Einreise- und Aufenthaltsverbot (§ 11 AufenthG)
Dauer, Befristung, Aufhebung und rechtliche Möglichkeiten bei Einreisesperren
Von Rechtsanwältin Dr. Theresa Rath
Ein Einreise- und Aufenthaltsverbot kann dazu führen, dass eine Person nicht erneut nach Deutschland oder in andere Schengen-Staaten einreisen darf und kein Aufenthaltstitel erteilt wird. Die Auswirkungen reichen häufig weit über eine frühere Ausweisung oder Abschiebung hinaus und können spätere Visa-, Familiennachzugs- oder Arbeitsaufenthaltsverfahren erheblich erschweren.

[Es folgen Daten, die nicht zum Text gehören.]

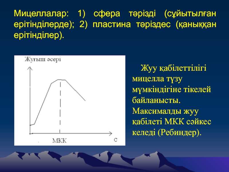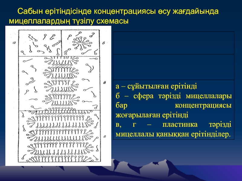 Слайд 9Мицеллалар: 1) сфера тәрізді (сұйытылған ерітінділерде); 2) пластина тәріздес (қаныққан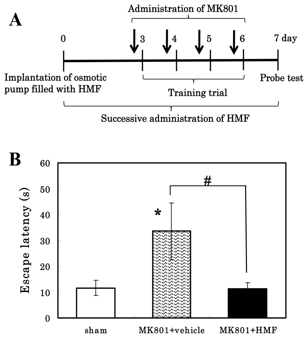 Effects of HMF on deterioration of spatial learning performance in MK-801-treated mice. (A) The time schedule of injection of HMF/MK-801 and the MWM test are shown; (B) Columns indicate the mean ± SEM (n = 5). Significant differences in values between the MK-801-treated and vehicle-treated (* P < 0.05; followed by Bonferroni’s Multiple Comparison Test), and HMF-treated (# P = 0.05).

Viele Betroffene gehen davon aus, dass Einreiseverbote automatisch lebenslang gelten oder nach Ablauf einer bestimmten Zeit von selbst entfallen. Beides ist häufig unzutreffend. Dauer, Befristung und mögliche Aufhebung hängen stark vom Einzelfall ab.
Was ist ein Einreise- und Aufenthaltsverbot?
Ein Einreise- und Aufenthaltsverbot bedeutet grundsätzlich, dass eine betroffene Person für einen bestimmten Zeitraum nicht erneut einreisen oder sich rechtmäßig in Deutschland aufhalten darf. Zudem kann die Erteilung eines Aufenthaltstitels ausgeschlossen sein. Das Verbot kann auch Auswirkungen auf Einreisen in andere Schengen-Staaten haben.
Einreiseverbote werden heute regelmäßig behördlich verfügt und mit einer Befristung verbunden. Sie entstehen nicht mehr allein automatisch kraft Gesetzes.
Wann kommt ein Einreiseverbot in Betracht?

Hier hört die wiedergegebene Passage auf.